# Exercise:
In the listing below, find the line with "HUKOER ベビーカー ハイシートベビーカー" and the line with "収穫期 | 出荷最盛期 |", then return them and every line between them exactly, minus the pictures.

# Material provided:
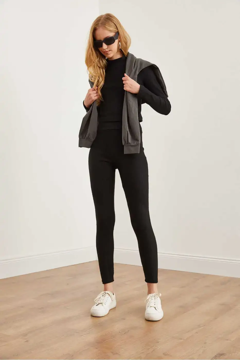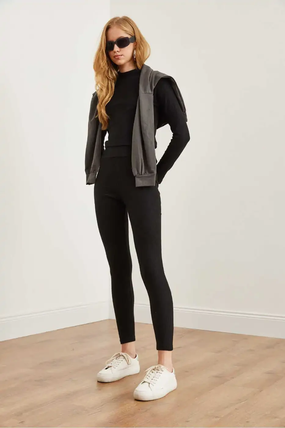 Women's Black Corded Thistle Ribbed Suit | Trendyol
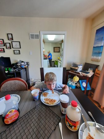 We had lunch, we had really good crepes my mother used to make. Michele does them very well.
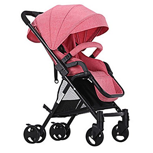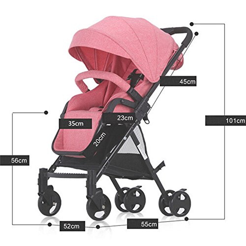 HUKOER ベビーカー ハイシートベビーカー 4輪ベビーカー 折りたたみ式 通気性良い 物置袋付き (ピンク)
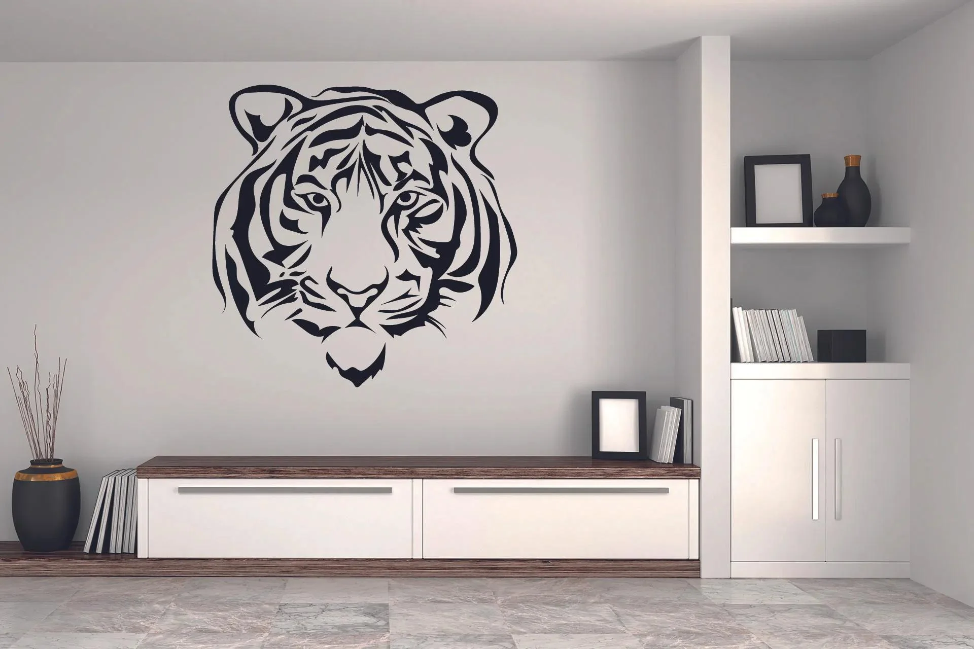 Stylová samolepka s motivem tygra, ideální pro ozvláštnění vašeho interiéru nebo exteriéru. Vyrobena z kvalitní, ekologické fólie s matným povrchem, která zajišťuje výrazný vzhled a dobré viditelnosti ze všech úhlů.
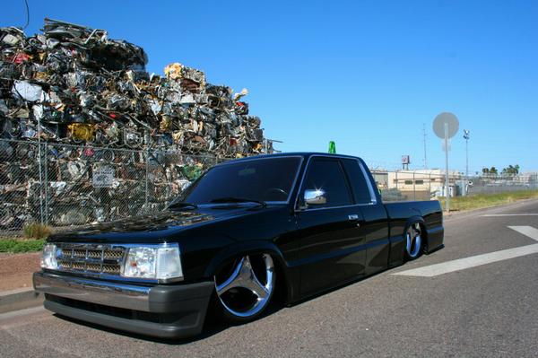 Shaved fender emblems. Roll pan. Black paint.
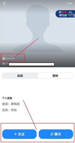4、在此用户界面中,能够点击底部的操作选项,实现关注或聊天功能。
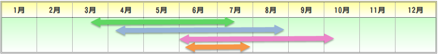 | 播種期 | 定植期 | 収穫期 | 出荷最盛期 |
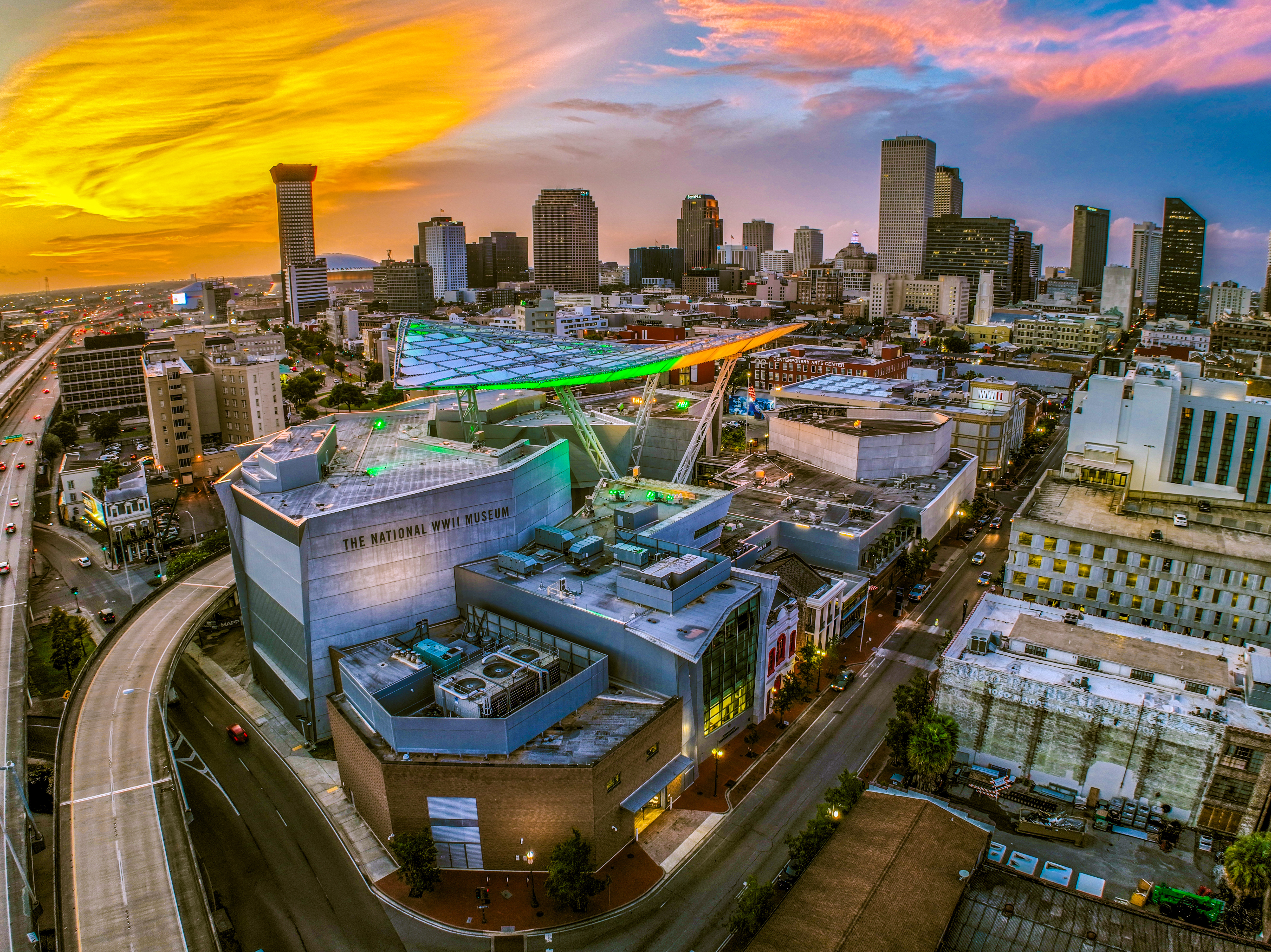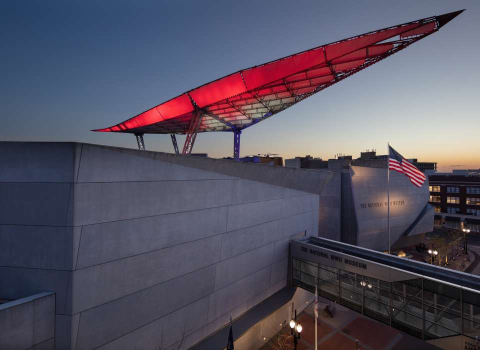 Rising nearly 150 feet above The National WWII Museum, the Bollinger Canopy of Peace’s bold design visually unifies the Museum’s architecturally distinctive campus while reflecting the significance of the Museum’s mission, symbolizing the values that the WWII generation fought for, the sacrifices they made, and the peace, optimism, and hope they ultimately won for our country.

# Answer to this problem:
 HUKOER ベビーカー ハイシートベビーカー 4輪ベビーカー 折りたたみ式 通気性良い 物置袋付き (ピンク)
 Stylová samolepka s motivem tygra, ideální pro ozvláštnění vašeho interiéru nebo exteriéru. Vyrobena z kvalitní, ekologické fólie s matným povrchem, která zajišťuje výrazný vzhled a dobré viditelnosti ze všech úhlů.
 Shaved fender emblems. Roll pan. Black paint.
4、在此用户界面中,能够点击底部的操作选项,实现关注或聊天功能。
 | 播種期 | 定植期 | 収穫期 | 出荷最盛期 |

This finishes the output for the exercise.